However, we may process information that you provide to us when you access our website. Data that may be collected in this way by the Company in the process of administering and operating this website may include: name, surname, email address, any other data provided, directly or indirectly, in the context of your interaction with us, such as IP address.

When you visit our website, we use cookies to automatically collect technical information that can identify the user, which may include: IP address, type of browser used to browse the site, your operating system, data on website visits.

Further details on the use of cookies, including the purpose of their use, the basis of processing, the duration of storage, are set out in the Company's Cookie Policy, available on our website.

  1. DATA COLLECTED AT THE ENTRANCE TO OUR PREMISES

Collection and registration in the company's access register of all persons wishing to enter the premises - company property. At the gate, the security guard keeps two access registers, according to the Methodological Rules for the application of Law 333/2003: (i) motor vehicles - where he/she records the registration number of the vehicle, the name and surname of the driver of the vehicle or of the delegate, the series and number of the identity card, the destination, the time of arrival, the time of departure, the number of the permit/invoice, remarks; (ii) natural persons - where he/she records the data of the visitor: surname, first name, series and ID card number, destination (person visited - employee of the company), time of arrival, time of departure, remarks.

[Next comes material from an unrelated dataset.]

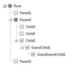 The image you sent me shows the treeview working as it should. Please read how the Tri-State CheckBoxes mechanism works here.

  1. What categories of personal data we process

Information that may be provided/collected when you enter the premises, as applicable, may include the following categories of data:

  • images that can be captured by cameras mounted by our video surveillance system, cameras that are appropriately marked;
  • data that you can provide as a visitor for registration in the visitors' access register, such as name, surname, employer's name - if applicable, date of visit, purpose (the department where you have organised the actual visit), ID card series and number, time of arrival, time of departure, registration number of the vehicle driven.
  1. Purpose and grounds for processing these data

We process this data in order to ensure the security, safety and protection of the goods and persons on the premises of the Company, by implementing rules on access to the premises, by installing video surveillance systems, by keeping records of visitor access.

In such cases, the basis for processing is the legal obligations that the Company has - Article 6 para. (1) lit. c of the GDPR.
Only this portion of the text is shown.